She comes home to rural France for summer holiday, doesn't get along with her parents, watches the hot local guys, fanaticizes, and plays with herself a lot. We see breasts, buns, and gyno shots, and are treated to her peeing, inserting a spoon somewhere under her panties at the dinner table, a fantasy of a guy dropping a worm into her labia, and much more.

The film was never released. Now, 25 years later, and after Rape Me, they have released it. Although the film did offer insights into adolescent female hormonally induced cravings and actions, there was not enough plot to hold it together, the subtitles were poorly translated and not always there, the quality of the transfer was poor (with many scenes very red shifted), and there was little done with supporting characters.

The Critics Vote

  • no reviews online (except the NY Times, which requires membership. They wrote a fairly favorable review)

The People Vote ...

  • With their votes ... IMDB summary: IMDb voters score it 6.4 
  • With their dollars ... less than $5,000 - 1 screen
IMDb guideline: 7.5 usually indicates a level of excellence, about like three and a half stars from the critics. 6.0 usually indicates lukewarm watchability, about like two and a half stars from the critics. The fives are generally not worthwhile unless they are really your kind of material, about like two stars from the critics. Films under five are generally awful even if you like that kind of film, equivalent to about one and a half stars from the critics or less, depending on just how far below five the rating is.

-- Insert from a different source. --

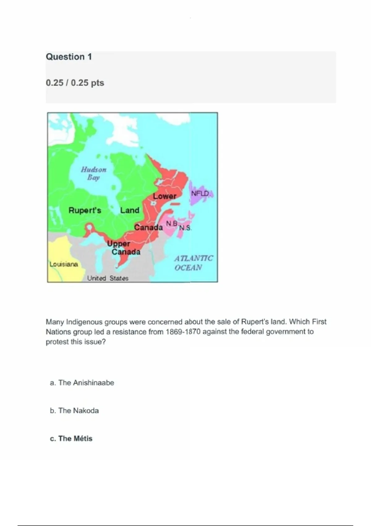 Question 1 0.25 / 0.25 pts Many Indigenous groups were concerned about the sale of Rupert’s land. Which First Nations group led a resistance from against the federal government to protest this issue? a. The Anishinaabe b. The Nakoda c. The Métisd. The Haudenosaunee Question 2 0.25 / 0.25 pts Who were the Indigenous groups primarily involved in negotiating the first three treaties? a. The Stoney, Métis, and Creeb. The Anishinaabe, Swampy Cree, and Métis c. The Blackfoot Confederacy and the Métis d. The Anishinaabe and Plains Cree Question 3 0.25 / 0.25 pts These ______ were given out as commemorative objects at Treaties 3,4, 5, 6, and 7. What are they? a. Treaty Coinsb. Treaty Medals c. Treaty Pendants d. Scrip Question 4 0.25 / 0.25 pts Noticeable changes in how settlers conducted treaty negotiations began after the war of 1812. Why? a. The Hudson’s Bay Company disappeared and treaty negotiations became less important b. The British no longer feared American aggression c. The Rupert’s Land Transfer solved all outstanding issues with Aboriginal Title d. The federal government shifted from a military to civilian administration e. A and B f. B and D g. D and CQuestion 5 0.25 / 0.25 pts When was Confederation? a. 1867 b. 1876 c. 1885 d. 1860 Question 6 0.25 / 0.25 pts During the 1860s, demographics in Canada were shifting as settlers began to outnumber First Peoples. Why was there a demographic shift? a. Indigenous peoples were dying off because they could not compete b. Settlers were immigrating in greater numbers from Britain c. Indigenous peoples were immigrating south to Americad. Settlers began having bigger families Question 7 0.25 / 0.25 pts How many of today's provinces and territories did Rupert’s land cover? a. 3 (Quebec, Ontario, Manitoba) b. 3 (Saskatchewan, Manitoba, Ontario) c. 2 (Ontario and Manitoba) d. 7 (Alberta, Saskatchewan, Manitoba, Ontario, Quebec, Northwestern Territories, Nunavut) Question 8 0.25 / 0.25 pts Why did the Métis resist the Rupert’s Land transfer? a. They preferred working with the HBC over the governmentb. They wanted to sell the land to someone else c. They are a naturally warring tribe d. Their property rights had not been taken into consideration Question 9 0.25 / 0.25 pts The Red River Resistance led to the creation of which province? a. Alberta b. Ontario c. British Columbia d. Manitoba Question 10 0.25 / 0.25 pts How much land were the Métis promised in the Manitoba Act of 1870?a. 1.2 million acres b. 640 acres per family of five c. 1.4 million acres d. 140 acres per family of five Question 11 0.25 / 0.25 pts The Métis successfully received all their allotted land promised to them by the federal government. True False Question 12 0.25 / 0.25 pts The failure to administer the land transfer to the Métis constitutes an infringement of their rights.True False Question 13 0.25 / 0.25 pts In the treaty negotiations for Treaty 1-3, the First Nations people had to take whatever the government offered them because they were desperate. True False Question 14 0.25 / 0.25 pts Each tribe has a different way of nominating their leaders and speakers depending on their own traditions. True FalseQuestion 15 0.25 / 0.25 pts Why did Treaty 3 take so long to negotiate? a. The federal government refused to honor a previous treaty b. The Anishinaabe asked for too much in the negotiations c. The federal government couldn’t find negotiators d. The federal government was too busy with the first two treaties Question 16 0.25 / 0.25 pts Negotiators on behalf of the Crown did not properly explain the land surrenders clause to Indigenous signatories, preferring to frame these clauses in oral discussions as "land sharing" or "renting" clauses. True FalseQuestion 17 0.25 / 0.25 pts The “Land Surrender clause” was never discussed explicitly in the negotiations for the Numbered Treaties. True False Question 18 0.25 / 0.25 pts After Treaty One, the federal government failed to provide what to the Anishinaabe and Swampy Cree? a. Hunting rights b. Roads c. Farming equipment d. Annuitiese. All of the above f. None of the Above g. C and D h. A and B Question 19 0.25 / 0.25 pts How many treaties did Alexander Morris negotiate on behalf of Canada? a. 4 b. 3 c. 2 d. 11 Question 20 0.25 / 0.25 ptsIn Treaty 3, First Nations agreed to share the lands with federal to what degree? a. Only the depth of a plow b. Lands only and not the lakes c. Only the reserve lands d. The entire lands

My own guideline: A means the movie is so good it will appeal to you even if you hate the genre. B means the movie is not good enough to win you over if you hate the genre, but is good enough to do so if you have an open mind about this type of film. C means it will only appeal to genre addicts, and has no crossover appeal. D means you'll hate it even if you like the genre. E means that you'll hate it even if you love the genre. F means that the film is not only unappealing across-the-board, but technically inept as well.

Based on this description, this film is a D. It is certainly shocking, but I am not sure that qualifies it as important cinema, although a better quality transfer might get a C- from me.